Hah?” Kalani seketika menoleh ke arah Nia yang dengan santai menyesap tehnya. Ibunya tersebut terlihat biasa saja, tidak ada tatapan penuh curiga atau goda. Tetap saja, Kalani merasa panik tanpa alasan. “Maksud Mami?”

“Kamu sama Arka... cuma temen atau lagi PDKT?”

“Dih, to the point banget, nih?” cibir Kalani. “Aku sama Arka tuh sekelompok selama satu semester. Kalau kita makin deket tuh berarti bonus doang.”

“Suka sama dia, nggak?”

“Mami! Apaan, sih.” Dapat dirasakan wajahnya memanas, dan sejujurnya Kalani takut akan alasan di baliknya. “Ya sukalah, orang dia baik. Dia emang pendiem, tapi seru juga punya temen kayak Arka.”

You know that's not what I meant, Kak,” goda sang ibu, “Tapi ya udah, kalau kamu belum siap cerita, Mami nggak akan maksa. Baik-baik ya sama Arka? Mami juga suka sama dia.”

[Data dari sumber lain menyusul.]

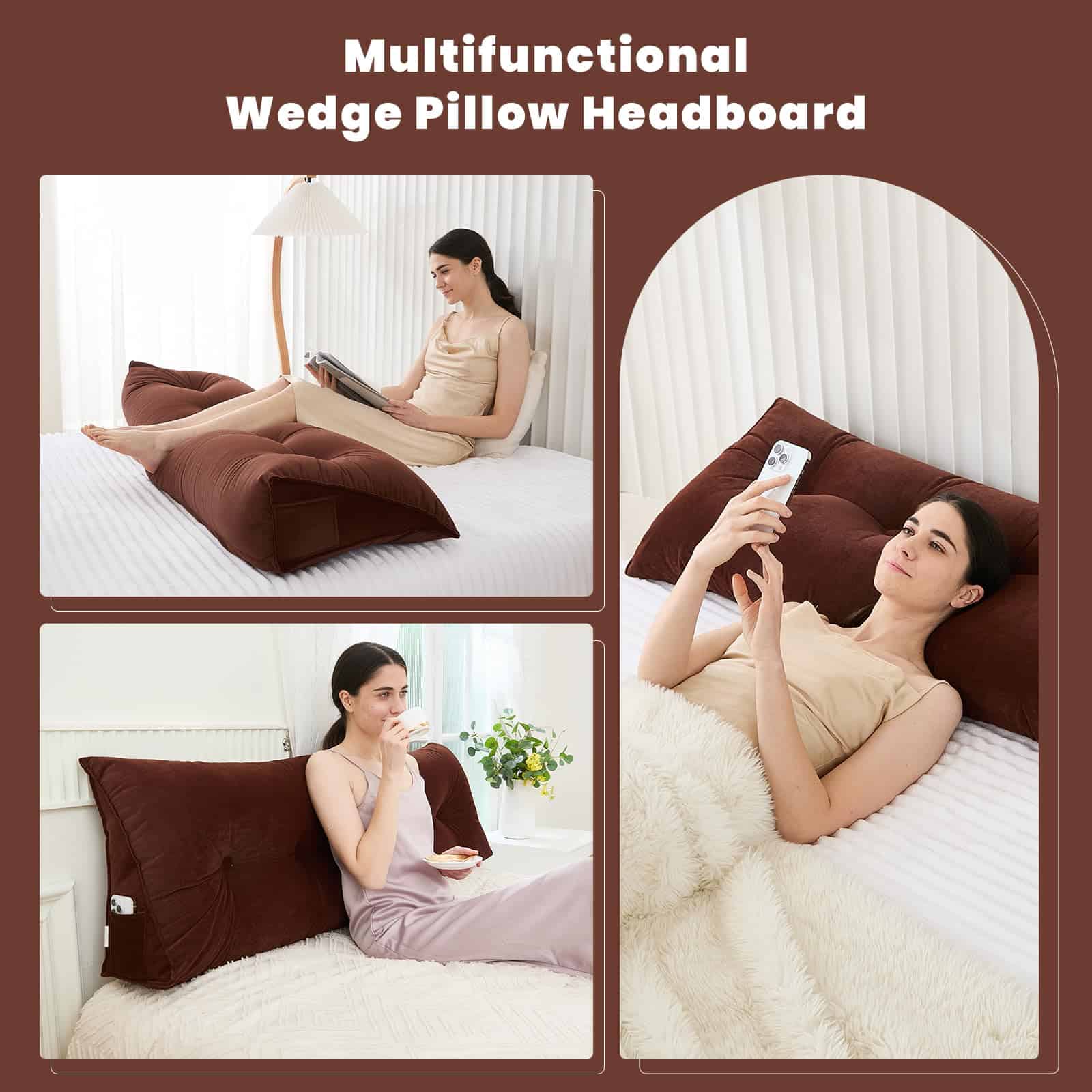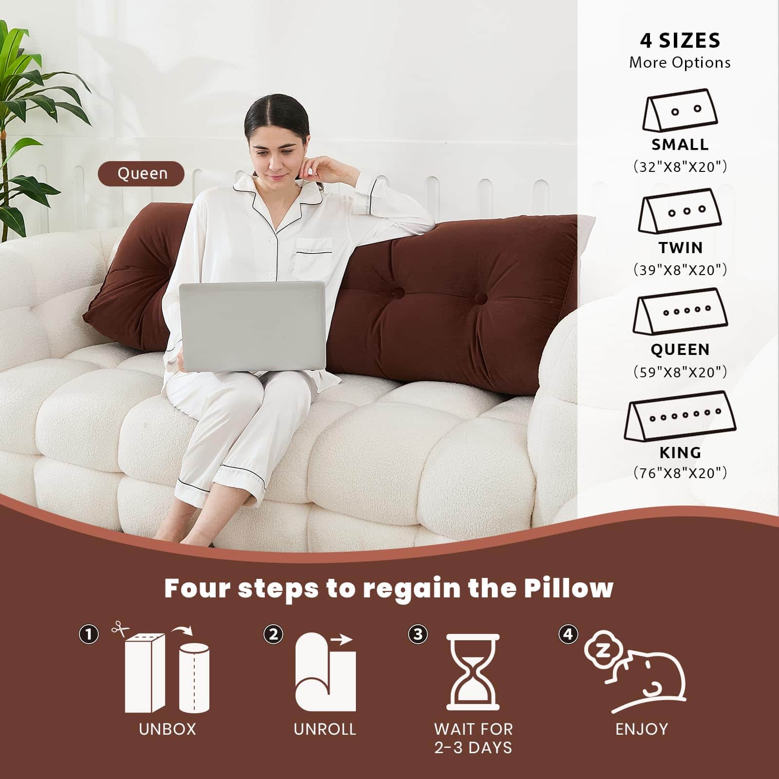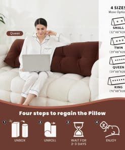 5. Multiuso: La almohada para cabecera de cama no solo se puede usar como almohada, sino también como una cabecera para decorar la habitación, siendo decorativa y práctica. Es muy portátil y adecuada para diversas ocasiones, como cabecera en la cama y en autocaravana, cojín para golpes, cojín en tu sofá y ventana flotante, o almohada cómoda para dormir

Mami ada-ada aja, batin Kalani, Ketemu sama Arka juga baru sekali, udah main suka aja.

Kalani hendak melayangkan protes untuk yang ke sekian kalinya, namun Mbak Sri memotong obrolan mereka dengan pengumuman bahwa Arka sudah di depan. Buru-buru kabur dari hadapan Nia, Kalani pun berlari kecil menyusul seseorang yang beberapa hari ini ia hindari.

“Hei,” sapa Arka lembut.

“Hai.”

Perjalanan mereka berjalan canggung. Arka sibuk menyelip sana-sini di tengah kemacetan dan Kalani sibuk dengan isi kepalanya. Ia ingin berkeluh-kesah kepada Arka seperti tiap kali mereka berkendara bersama, namun Kalani masih tidak enak hati akibat kesalahpahaman kecil mereka waktu itu.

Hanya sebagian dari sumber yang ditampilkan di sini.